> _What this task involves_
All entries below must be output word for word, and the pictures left behind.

> _Information supplied_
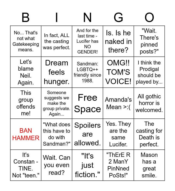 This bingo card has a free space and 24 words: "What does this have to do with Sandman?", Wait. Can you even read?, Sandman: LGBTQ++ friendly since 1988., It's Constan - TINE. Not "teen.", "Wait. There's pinned posts?", No... That's not what Gatekeeping means., Let's blame Neil. Again., In fact, ALL the casting was perfect., Amanda's Mean >:(, Spoilers are allowed., OMG!! TOM'S VOICE!, This group offends me!, Yes. They are the same Lucifer., The casting for Death is perfect., Dream feels hunger., "ThErE R 2 ManY PinNned PoSts!", All gothic horror is welcomed., And for the last time - Lucifer has NO GENDER!, I think the Prodigal should be played by..., Someone suggests we make the group private. Again..., Mason has a great smile., BAN HAMMER, Is. Is he naked in there? and "It's just fiction.".
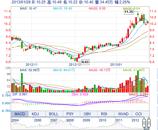 | 最 高: | 10.49 | 成交額: | 3.57億元 | 換手率: | 3.64% |
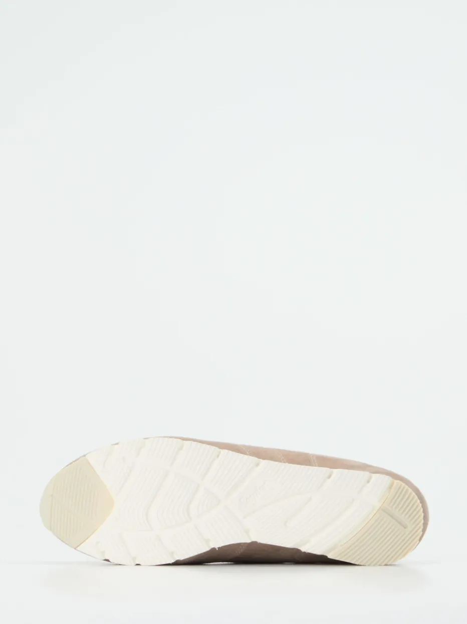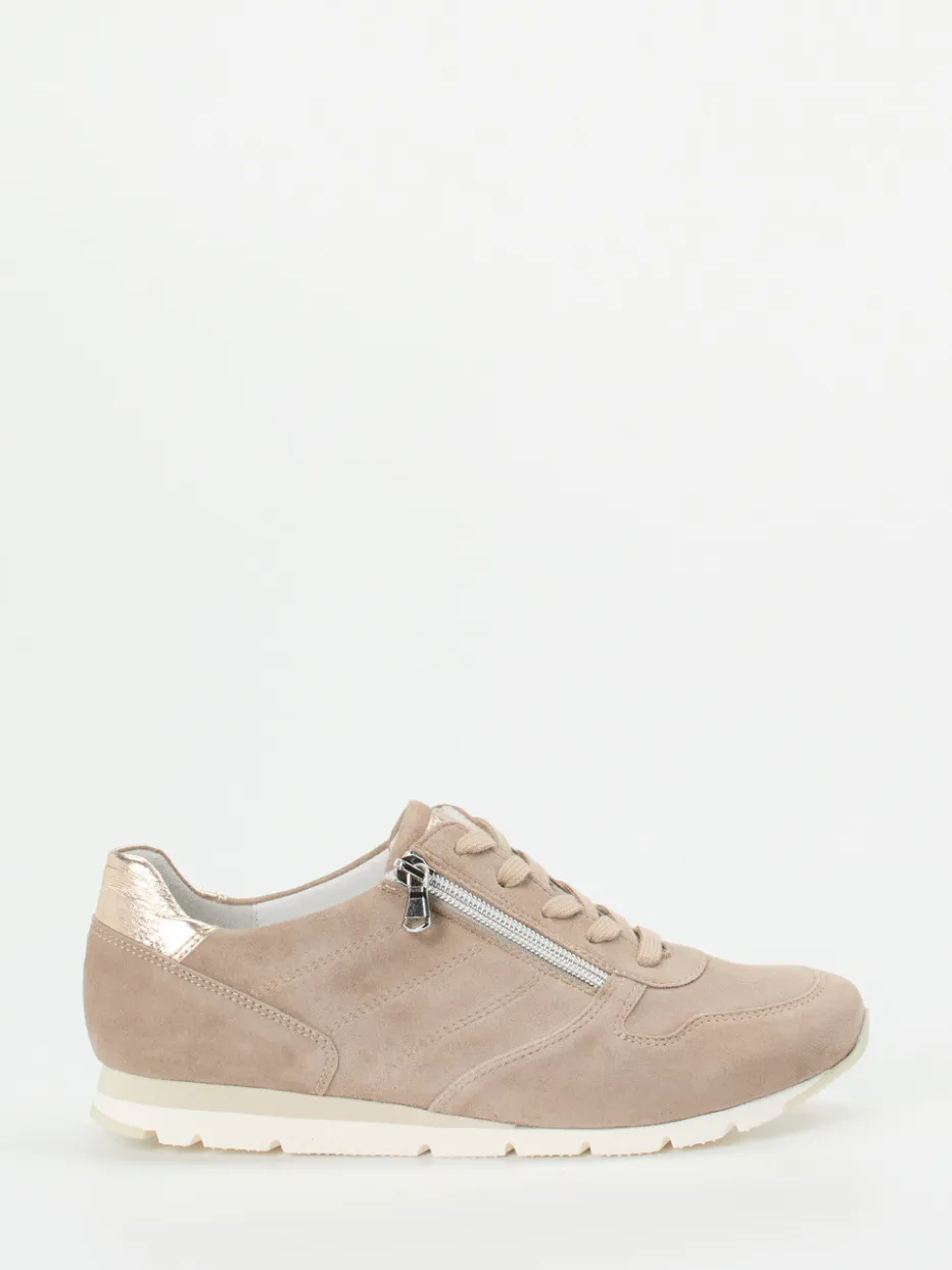 Stilvoller Komfort für jeden Tag.Die Marke Semler präsentiert mit diesem Damen-Sneaker ein gelungenes Modell aus der Kategorie Bequemschuh. Ideal für entspannte Freizeitmomente bietet der Sneaker eine Kombination aus beigefarbenem Veloursleder, samtig angeschliffen, und einem glänzenden Metallic-Patch in Rosé an Ferse und Lasche. Die flache Silhouette mit seitlichem Reißverschluss erleichtert das Anziehen; die tonige Schnürung ermöglicht individuelle Anpassung. Diagonal verlaufende Nähte setzen sportive Akzente, während die gummierte Profilsohle Alltagstauglichkeit verspricht. Dezente Metallic-Akzente greifen aktuelle Modetrends auf. Das lederbezogene Wechselfußbett rundet die hochwertige Ausstattung komfortorientiert ab.
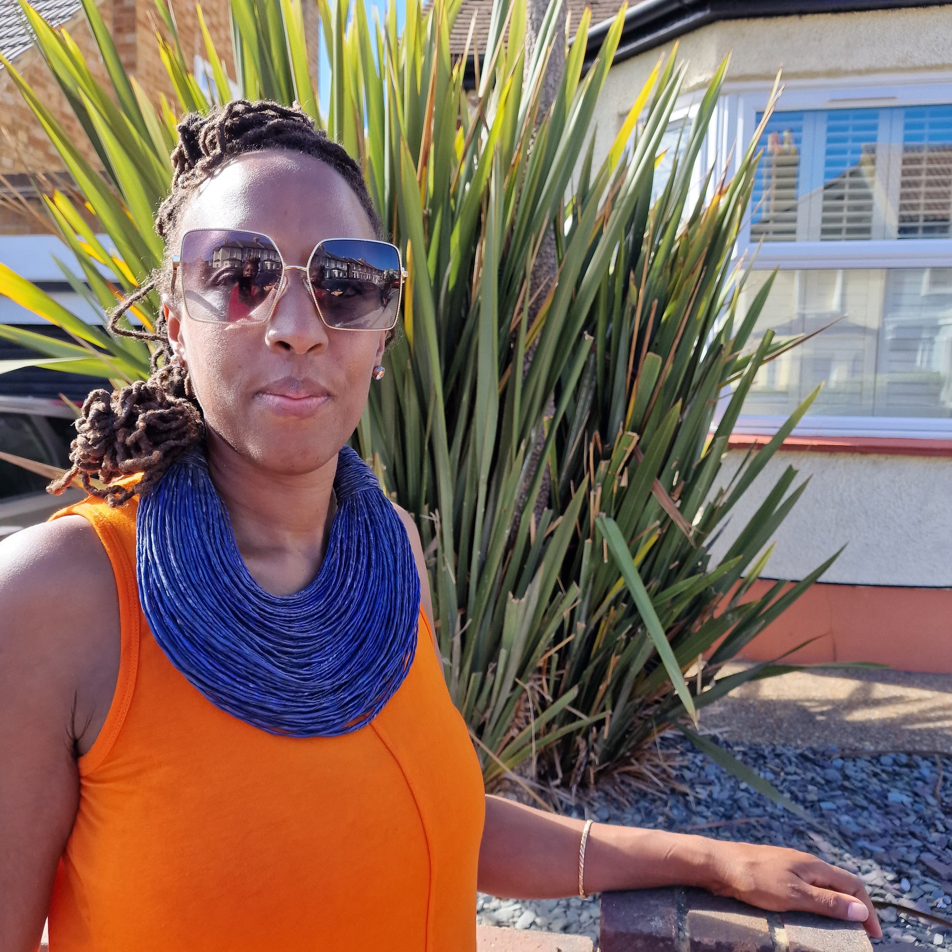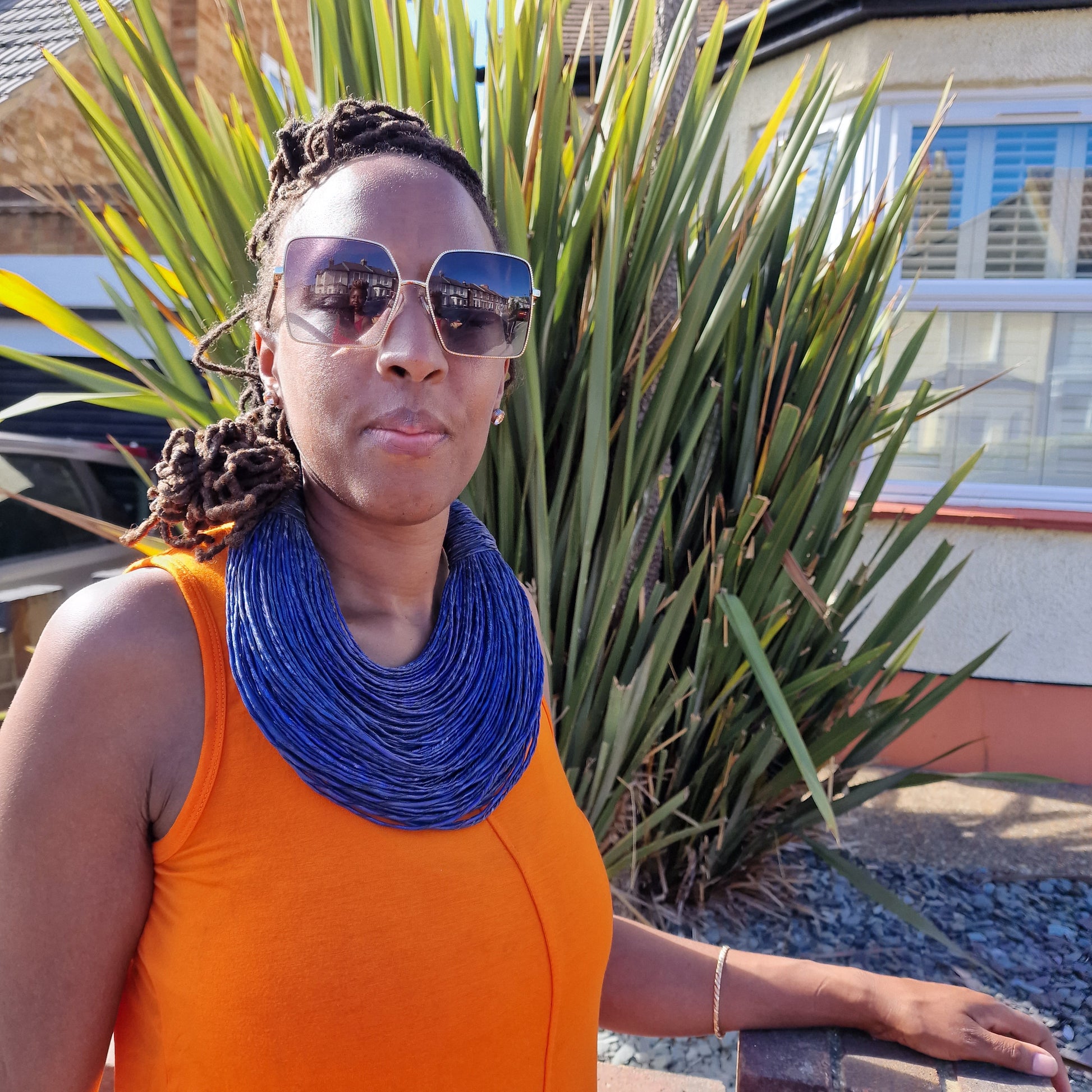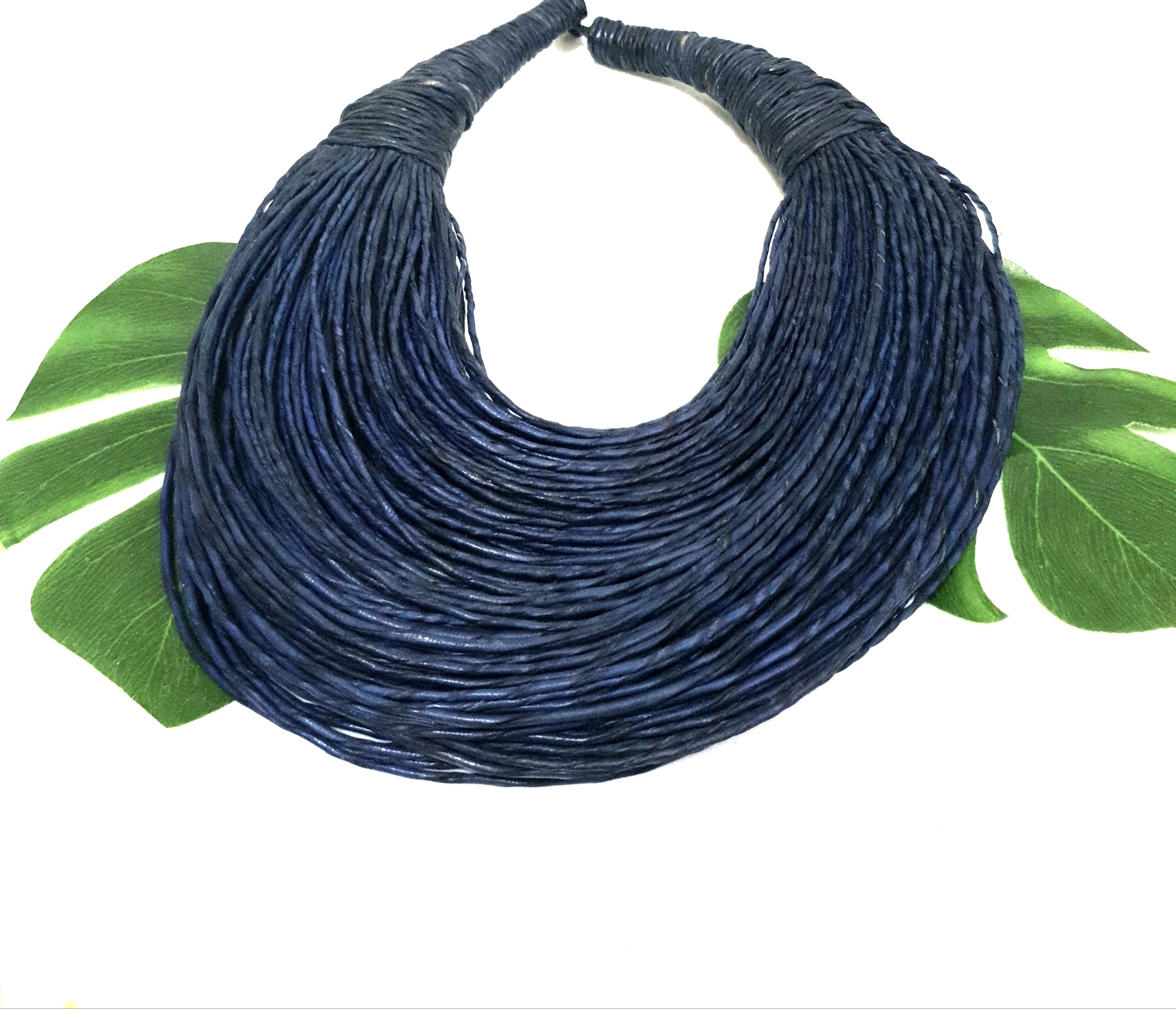 Indigo blue leather layered statement necklace.
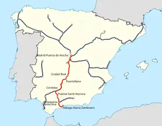![]() Madrid-Málaga high speed rail line in red | ||||||||||||||||||||||||||||||||||||||||||||||||||||||||||||||||||||||||||||||||||||||||||||||||||||||||||||||||||||||||||||||||||||||||||||||||||||||||||||||||||||||||||||||||||||||||||||||||||||||||||||||||||||||||||||||||||||||||||||||||||||||||||||||||||||||||||||||||||||||||||||||||||||||||||||||||
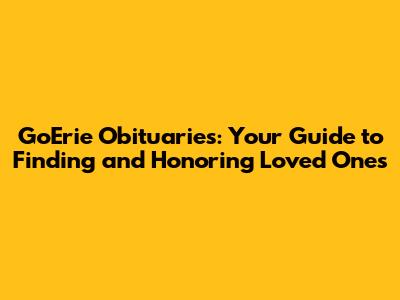 Q: Where can I find GoErie obituaries online? A: You can find GoErie obituaries on GoErie.com, Legacy.com, and the websites of local funeral homes such as Brugger Funeral Homes & Crematory, Burton Funeral Home, and Dusckas-Taylor Funeral Home & Cremation Services.
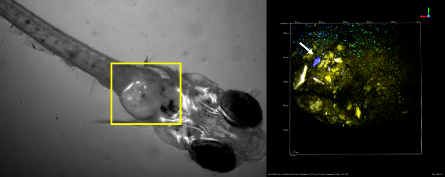 All fish larvae were fed a mixture of microplastics and food. Images taken with a biphotonic microscope confirmed that these larvae ingested the microplastic along with their food. In the image below, microplastics appears in blue and the food in yellow in the digestive tract of the larvae.
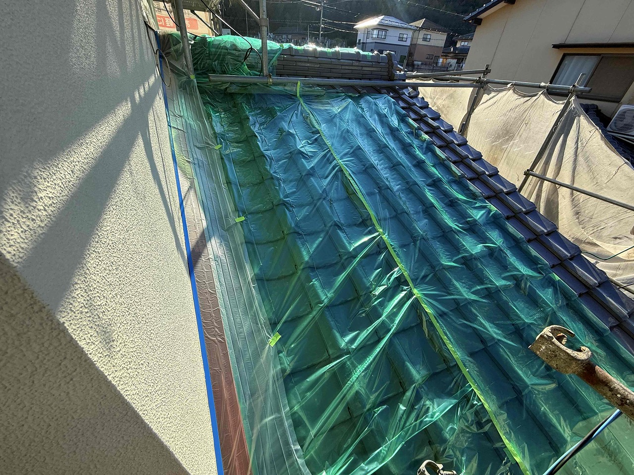 香川県高松市三谷町にて外壁塗装工事の養生作業を行いました!
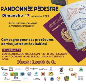 Comme mentionné dans le programme du Samedi 12 aout, troisième et dernier jour d’activité, une randonnée pédestre sous le thème de : Oui à la liberté de circulation s’est effectuée sur les ruelles de la commune de Dalifort Foirail. Nous avons marchés dans les quartiers aves des micros baladeurs et des hauts parleurs pour expliquer à la population que la mobilité est un droit pour tout le monde. Mais aussi de les faire comprendre : qui est Frontex ? Comment l’agence fait-elle son travail ? Quelles sont les conséquences de sa présence au Sénégal ?

> _Solution to this exercise_
 This bingo card has a free space and 24 words: "What does this have to do with Sandman?", Wait. Can you even read?, Sandman: LGBTQ++ friendly since 1988., It's Constan - TINE. Not "teen.", "Wait. There's pinned posts?", No... That's not what Gatekeeping means., Let's blame Neil. Again., In fact, ALL the casting was perfect., Amanda's Mean >:(, Spoilers are allowed., OMG!! TOM'S VOICE!, This group offends me!, Yes. They are the same Lucifer., The casting for Death is perfect., Dream feels hunger., "ThErE R 2 ManY PinNned PoSts!", All gothic horror is welcomed., And for the last time - Lucifer has NO GENDER!, I think the Prodigal should be played by..., Someone suggests we make the group private. Again..., Mason has a great smile., BAN HAMMER, Is. Is he naked in there? and "It's just fiction.".
 | 最 高: | 10.49 | 成交額: | 3.57億元 | 換手率: | 3.64% |
 Stilvoller Komfort für jeden Tag.Die Marke Semler präsentiert mit diesem Damen-Sneaker ein gelungenes Modell aus der Kategorie Bequemschuh. Ideal für entspannte Freizeitmomente bietet der Sneaker eine Kombination aus beigefarbenem Veloursleder, samtig angeschliffen, und einem glänzenden Metallic-Patch in Rosé an Ferse und Lasche. Die flache Silhouette mit seitlichem Reißverschluss erleichtert das Anziehen; die tonige Schnürung ermöglicht individuelle Anpassung. Diagonal verlaufende Nähte setzen sportive Akzente, während die gummierte Profilsohle Alltagstauglichkeit verspricht. Dezente Metallic-Akzente greifen aktuelle Modetrends auf. Das lederbezogene Wechselfußbett rundet die hochwertige Ausstattung komfortorientiert ab.
 Indigo blue leather layered statement necklace.
![]() Madrid-Málaga high speed rail line in red | ||||||||||||||||||||||||||||||||||||||||||||||||||||||||||||||||||||||||||||||||||||||||||||||||||||||||||||||||||||||||||||||||||||||||||||||||||||||||||||||||||||||||||||||||||||||||||||||||||||||||||||||||||||||||||||||||||||||||||||||||||||||||||||||||||||||||||||||||||||||||||||||||||||||||||||||||
 Q: Where can I find GoErie obituaries online? A: You can find GoErie obituaries on GoErie.com, Legacy.com, and the websites of local funeral homes such as Brugger Funeral Homes & Crematory, Burton Funeral Home, and Dusckas-Taylor Funeral Home & Cremation Services.
 All fish larvae were fed a mixture of microplastics and food. Images taken with a biphotonic microscope confirmed that these larvae ingested the microplastic along with their food. In the image below, microplastics appears in blue and the food in yellow in the digestive tract of the larvae.
 香川県高松市三谷町にて外壁塗装工事の養生作業を行いました!
 Comme mentionné dans le programme du Samedi 12 aout, troisième et dernier jour d’activité, une randonnée pédestre sous le thème de : Oui à la liberté de circulation s’est effectuée sur les ruelles de la commune de Dalifort Foirail. Nous avons marchés dans les quartiers aves des micros baladeurs et des hauts parleurs pour expliquer à la population que la mobilité est un droit pour tout le monde. Mais aussi de les faire comprendre : qui est Frontex ? Comment l’agence fait-elle son travail ? Quelles sont les conséquences de sa présence au Sénégal ?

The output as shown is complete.